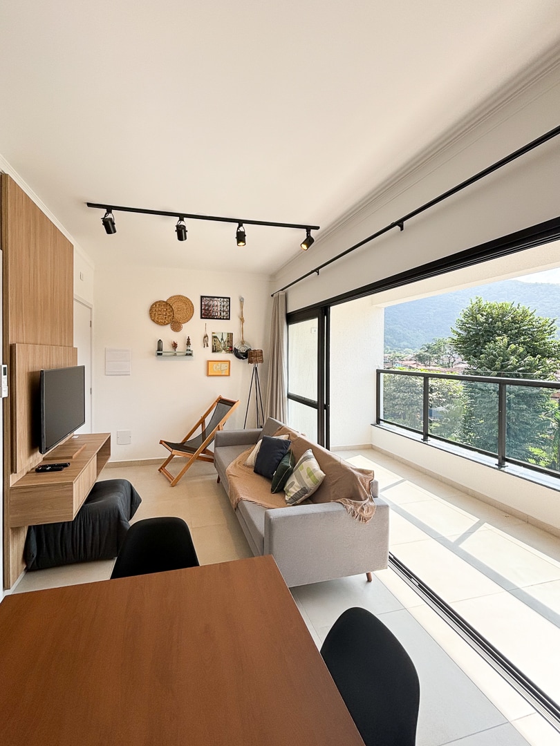 Apartemen Baru/Perabot, dengan pemandangan laut yang menakjubkan di lokasi terbaik di Ubatuba. Dekat dengan segalanya dan pada saat yang sama di tengah-tengah alam. 1 kamar tidur dengan double bed dan pemandangan laut Kamar terintegrasi dengan dapur Kolam renang di kondominium. Ber - ber - AC Wifi cepat 200mb - Garasi di tempat. Resepsionis 24/7 Letaknya di Prainha do Matarazzo dan 5 menit dari Pantai Perequê-Açu. Modern dan dengan pemandangan surga. Karena kami dekat dengan Café de La Musique, mungkin ada kebisingan pada akhir pekan.
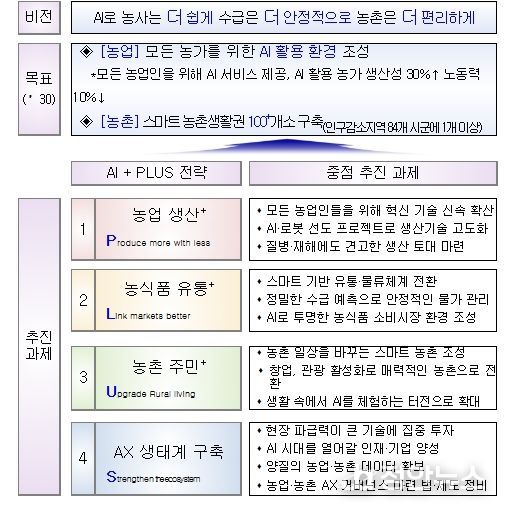 이번 전략은 ‘인공지능(AI)으로 농사는 더 쉽게, 수급은 더 안정적으로, 농촌은 더 편리하게’를 비전으로 설정하고, 이를 실현하기 위해 ① 농업 생산성 혁신, ② 농식품 유통구조 고도화, ③ 농촌 주민 삶의 질 개선, ④ 인공지능 전환(AX) 생태계 기반 조성 등 4대 분야를 설정하고 13대 과제를 중점적으로 추진할 계획이다.
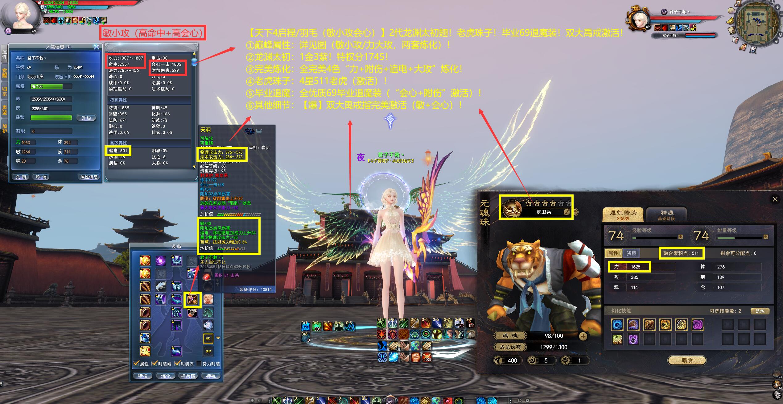 亮点: ①巅峰属性:详见图(敏小攻/力大攻,两套炼化)! ②龙渊太初:1金3紫!特权分1745! ③完美炼化:全完美4色“力+附伤+追电+大攻”炼化! ④老虎珠子:4星511老虎(激活)! ⑤毕业退魔:全优质69毕业退魔装(“会心+附伤”激活)! ⑥其他细节:【爆】双大禹戒指完美激活(敏+会心)!
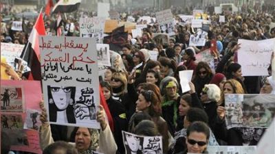 وشاركت أكثر من ألف امرأة يوم الأربعاء في مسيرة في مدينة الاسكندرية الساحلية رددن خلالها هتافات تقول "اللي يدنس شرفه وعرضه عمره ما يقدر يحمي أرضه" و"ارفعي راسك ارفعي راسك انتي أحسن م اللي داسك" و"قالوا حرية قالوا عدالة البسوا الاسود ع الرجالة" في اشارة الى حزب الحرية والعدالة الذراع السياسية لجماعة الاخوان المسلمين التي تبدي اهتماما بانتخابات مجلس الشعب الجارية حاليا أكثر مما تهتم بالانتهاكات ضد المحتجين.
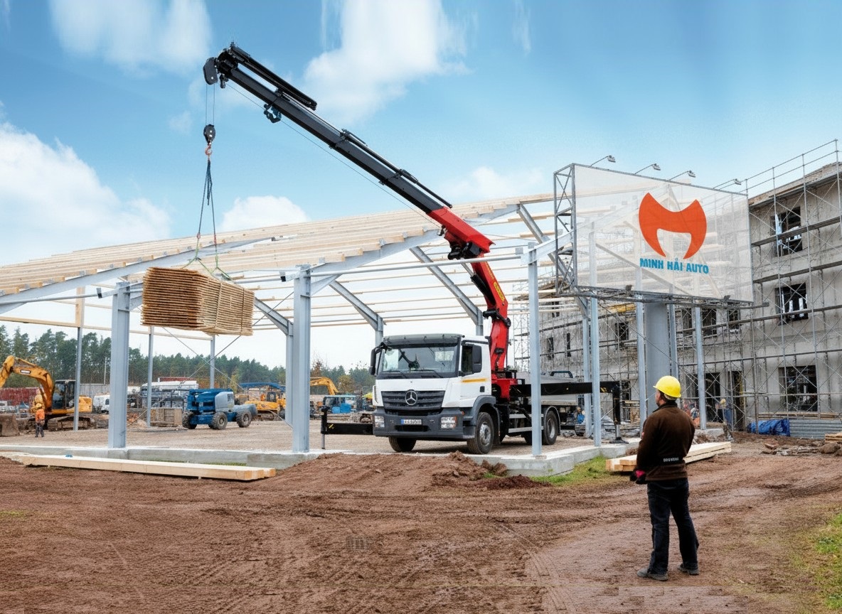 Nhờ kết hợp linh hoạt giữa khả năng vận chuyển và nâng hạ, xe tải gắn cẩu tự hành trở thành “trợ thủ cơ giới” không thể thiếu trong nhiều lĩnh vực sản xuất và thi công hiện nay:
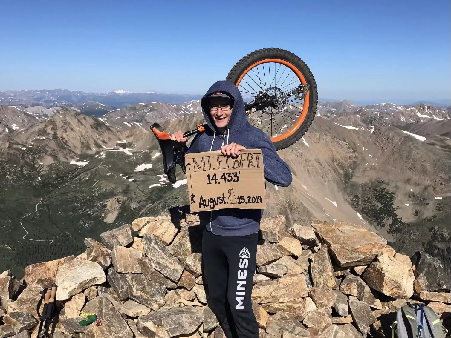 A daredevil within reason, he does leave his unicycle at home for some alpine adventures – for example, a winter ascent up Mount Sherman and a class three scramble to the top of Longs. But he hopes to bag even more Fourteeners on his unicycle – he has five for different trail conditions – and has his eyes set on San Luis Peak, as well as Handies.
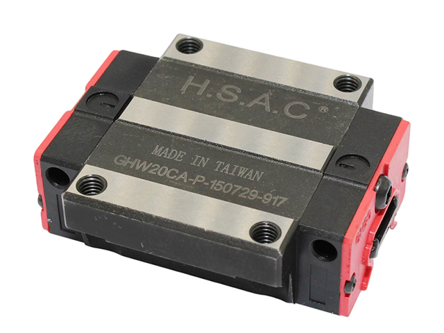 Каретки (модули линейного перемещения) для профильных рельсов GR серии GHR. Производитель - HSAC (Тайвань). Состоят из корпуса, в котором расположены 2 ряда металлических шариков, их перемещение происходит в замкнутом контуре. Для смазки предусмотрены отверстия, в которые вворачивается пресс-масленка.
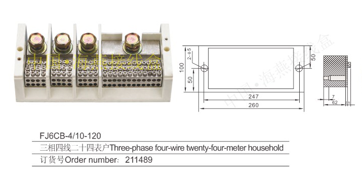 英文名稱:Three-phase four-wire series heavy current terminal blocks for measuring box (hole insertion type)
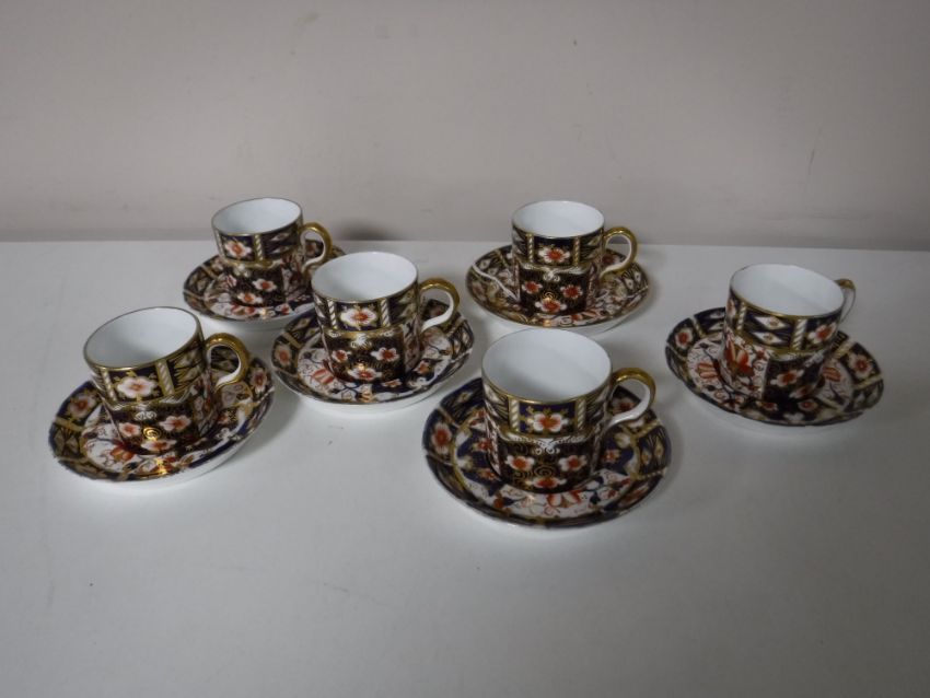 Six Royal Crown Derby Imari coffee cans with saucers, pattern 2451 (12)
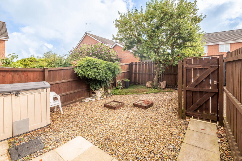The property includes a relatively small, enclosed rear garden. While not expansive, it offers a private outdoor space suitable for relaxation or entertaining. The garden is mainly gravelled, with some planted areas.
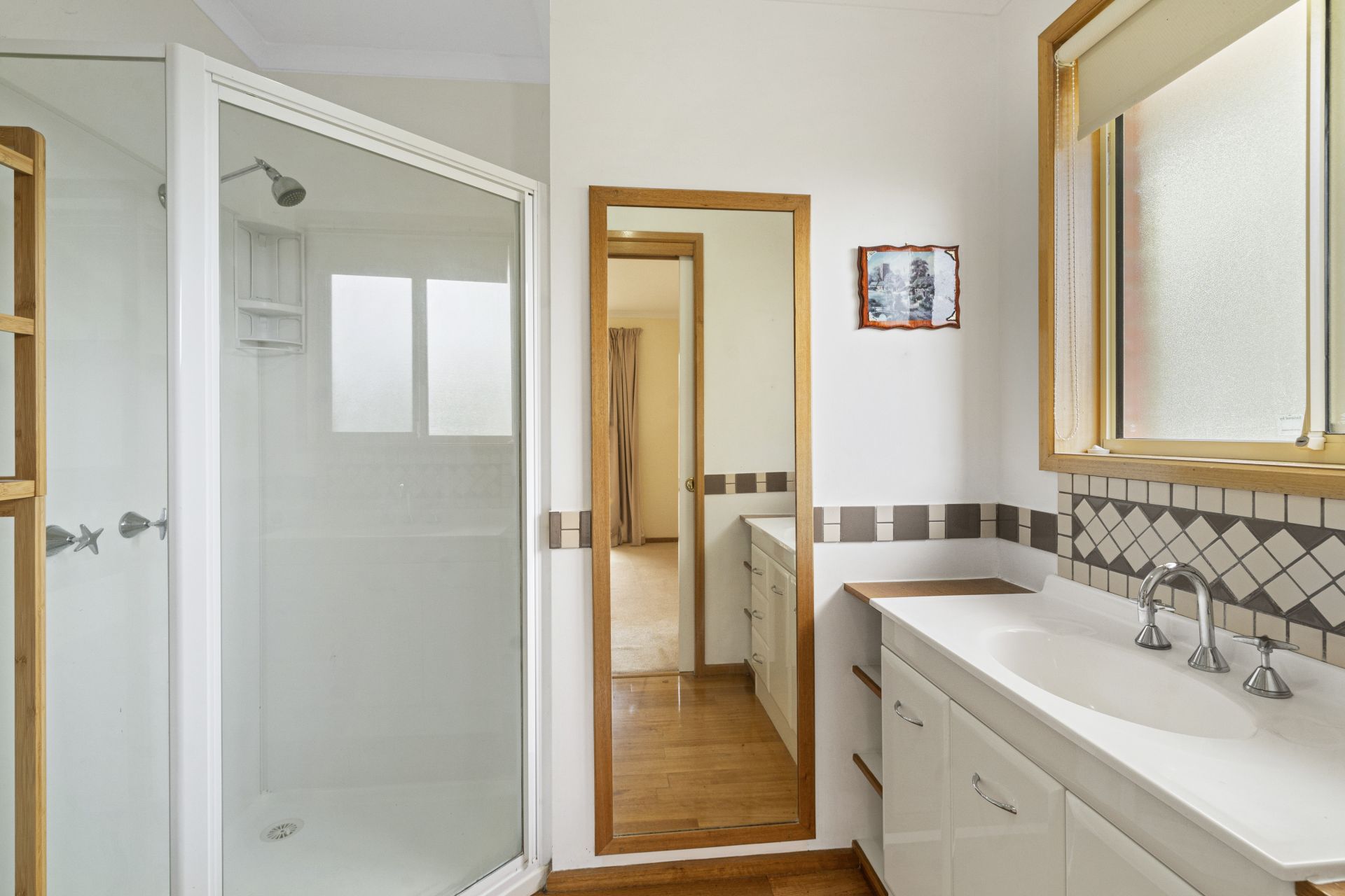 Two additional bedrooms, both with built-in storage and are serviced by a two-way family bathroom featuring a shower, bath and vanity.
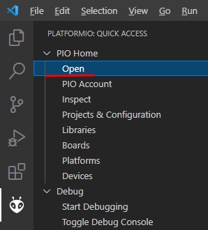 その一番下に追加されたアイコンをクリックして PlatformIO を起動します。
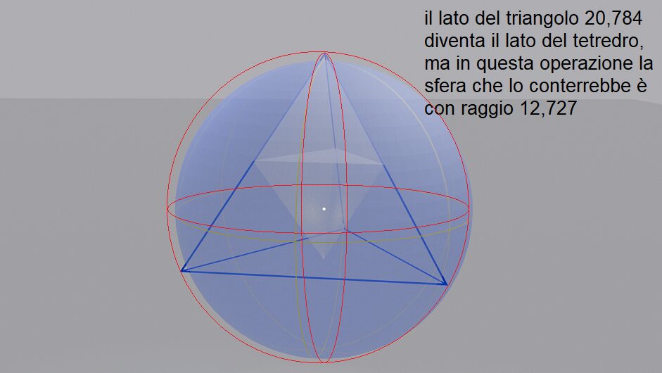 Il cerchio di raggio 12 circoscrive un triangolo di 20,784 cm, tridimensionando il cerchio, la sfera che si ottiene è una sfera ri raggio =12 cm, ma il triangolo diventa un tetraedro il cui lato di 20,784 sporge ( buca la superficie della sfera di raggio 12) sulla superficie esterna.

______

Hand back the data above exactly, with no images.

▶ [SOLVED EXERCISE]:
 Apartemen Baru/Perabot, dengan pemandangan laut yang menakjubkan di lokasi terbaik di Ubatuba. Dekat dengan segalanya dan pada saat yang sama di tengah-tengah alam. 1 kamar tidur dengan double bed dan pemandangan laut Kamar terintegrasi dengan dapur Kolam renang di kondominium. Ber - ber - AC Wifi cepat 200mb - Garasi di tempat. Resepsionis 24/7 Letaknya di Prainha do Matarazzo dan 5 menit dari Pantai Perequê-Açu. Modern dan dengan pemandangan surga. Karena kami dekat dengan Café de La Musique, mungkin ada kebisingan pada akhir pekan.
 이번 전략은 ‘인공지능(AI)으로 농사는 더 쉽게, 수급은 더 안정적으로, 농촌은 더 편리하게’를 비전으로 설정하고, 이를 실현하기 위해 ① 농업 생산성 혁신, ② 농식품 유통구조 고도화, ③ 농촌 주민 삶의 질 개선, ④ 인공지능 전환(AX) 생태계 기반 조성 등 4대 분야를 설정하고 13대 과제를 중점적으로 추진할 계획이다.
 亮点: ①巅峰属性:详见图(敏小攻/力大攻,两套炼化)! ②龙渊太初:1金3紫!特权分1745! ③完美炼化:全完美4色“力+附伤+追电+大攻”炼化! ④老虎珠子:4星511老虎(激活)! ⑤毕业退魔:全优质69毕业退魔装(“会心+附伤”激活)! ⑥其他细节:【爆】双大禹戒指完美激活(敏+会心)!
 وشاركت أكثر من ألف امرأة يوم الأربعاء في مسيرة في مدينة الاسكندرية الساحلية رددن خلالها هتافات تقول "اللي يدنس شرفه وعرضه عمره ما يقدر يحمي أرضه" و"ارفعي راسك ارفعي راسك انتي أحسن م اللي داسك" و"قالوا حرية قالوا عدالة البسوا الاسود ع الرجالة" في اشارة الى حزب الحرية والعدالة الذراع السياسية لجماعة الاخوان المسلمين التي تبدي اهتماما بانتخابات مجلس الشعب الجارية حاليا أكثر مما تهتم بالانتهاكات ضد المحتجين.
 Nhờ kết hợp linh hoạt giữa khả năng vận chuyển và nâng hạ, xe tải gắn cẩu tự hành trở thành “trợ thủ cơ giới” không thể thiếu trong nhiều lĩnh vực sản xuất và thi công hiện nay:
 A daredevil within reason, he does leave his unicycle at home for some alpine adventures – for example, a winter ascent up Mount Sherman and a class three scramble to the top of Longs. But he hopes to bag even more Fourteeners on his unicycle – he has five for different trail conditions – and has his eyes set on San Luis Peak, as well as Handies.
 Каретки (модули линейного перемещения) для профильных рельсов GR серии GHR. Производитель - HSAC (Тайвань). Состоят из корпуса, в котором расположены 2 ряда металлических шариков, их перемещение происходит в замкнутом контуре. Для смазки предусмотрены отверстия, в которые вворачивается пресс-масленка.
 英文名稱:Three-phase four-wire series heavy current terminal blocks for measuring box (hole insertion type)
 Six Royal Crown Derby Imari coffee cans with saucers, pattern 2451 (12)
The property includes a relatively small, enclosed rear garden. While not expansive, it offers a private outdoor space suitable for relaxation or entertaining. The garden is mainly gravelled, with some planted areas.
 Two additional bedrooms, both with built-in storage and are serviced by a two-way family bathroom featuring a shower, bath and vanity.
 その一番下に追加されたアイコンをクリックして PlatformIO を起動します。
 Il cerchio di raggio 12 circoscrive un triangolo di 20,784 cm, tridimensionando il cerchio, la sfera che si ottiene è una sfera ri raggio =12 cm, ma il triangolo diventa un tetraedro il cui lato di 20,784 sporge ( buca la superficie della sfera di raggio 12) sulla superficie esterna.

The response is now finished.